Material to process
____
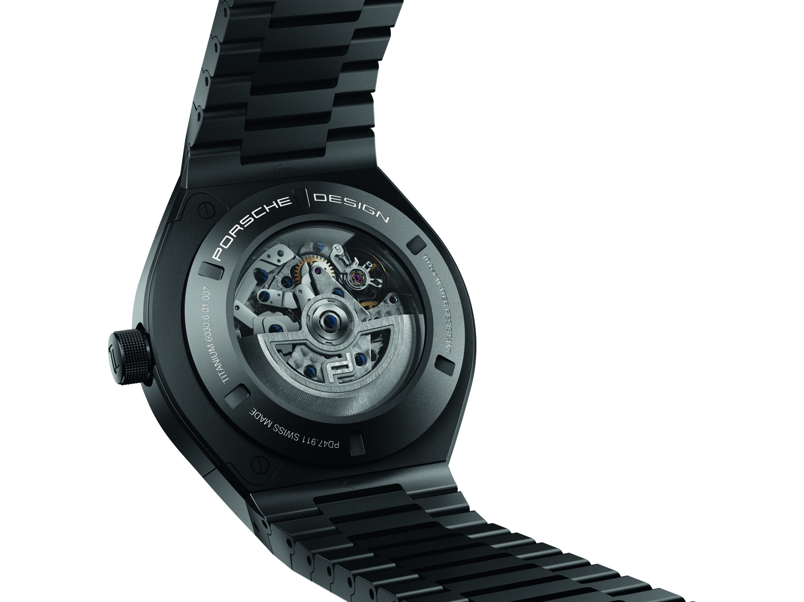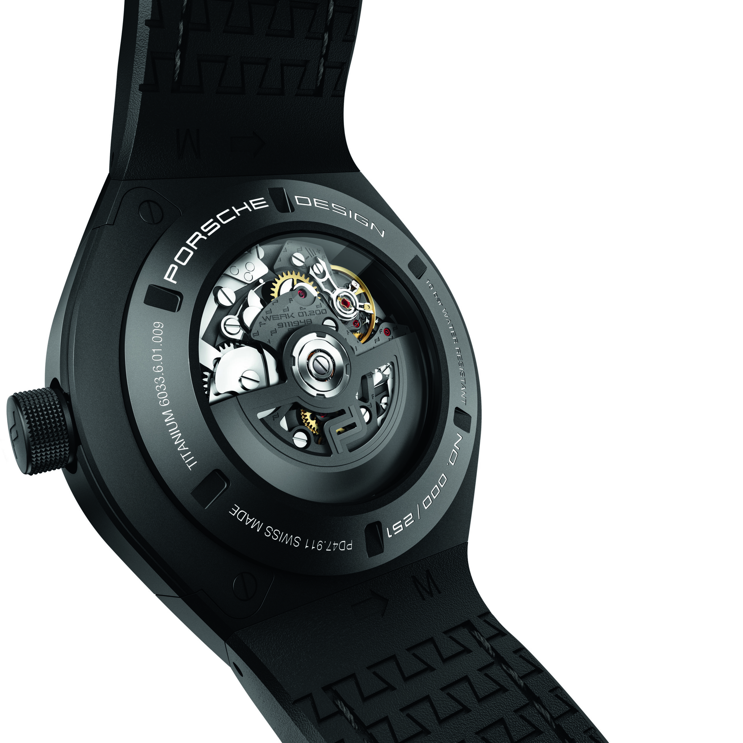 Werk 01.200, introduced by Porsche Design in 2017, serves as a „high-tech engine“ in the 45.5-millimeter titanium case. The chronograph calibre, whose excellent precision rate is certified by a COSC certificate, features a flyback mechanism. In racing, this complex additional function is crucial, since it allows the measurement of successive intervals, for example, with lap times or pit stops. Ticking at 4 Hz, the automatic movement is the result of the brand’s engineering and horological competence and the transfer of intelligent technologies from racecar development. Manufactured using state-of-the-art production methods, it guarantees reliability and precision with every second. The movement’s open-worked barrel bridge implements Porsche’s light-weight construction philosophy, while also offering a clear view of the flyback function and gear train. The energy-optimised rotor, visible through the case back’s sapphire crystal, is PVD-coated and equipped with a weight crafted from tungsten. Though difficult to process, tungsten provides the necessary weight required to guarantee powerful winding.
____
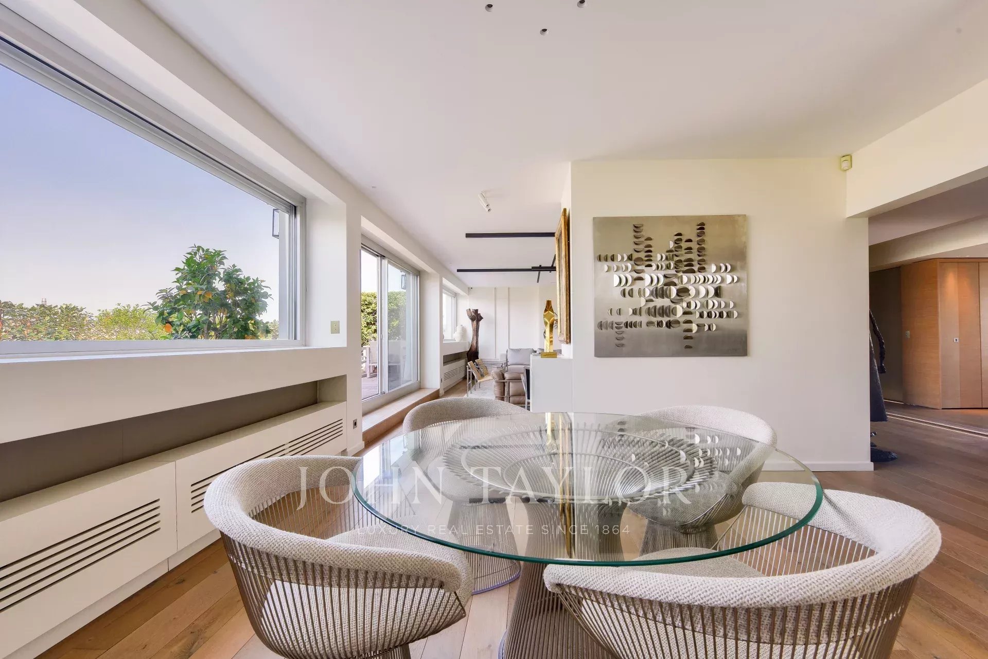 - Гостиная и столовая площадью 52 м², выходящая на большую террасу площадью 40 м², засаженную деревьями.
____
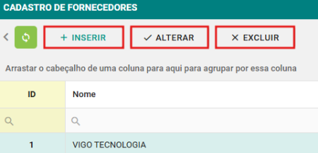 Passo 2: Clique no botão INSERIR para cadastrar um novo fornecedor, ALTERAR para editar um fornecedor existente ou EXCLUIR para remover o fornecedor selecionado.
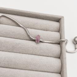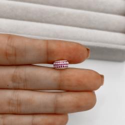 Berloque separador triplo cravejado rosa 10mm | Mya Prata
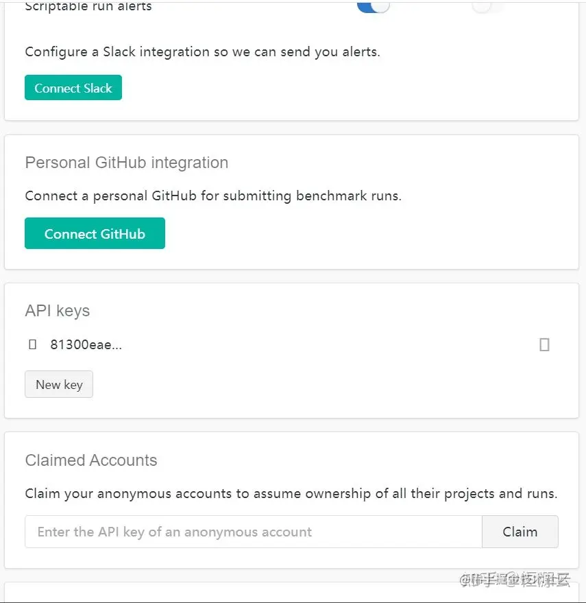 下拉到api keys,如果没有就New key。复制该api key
____
Aim of the exercise
In the listing above, find the line containing "Berloque separador triplo" and the line containing "下拉到api keys,如果没有就New key。复制该api key", then write out both of them and every line between, exactly, with no pictures.

Response to the task
 Berloque separador triplo cravejado rosa 10mm | Mya Prata
 下拉到api keys,如果没有就New key。复制该api key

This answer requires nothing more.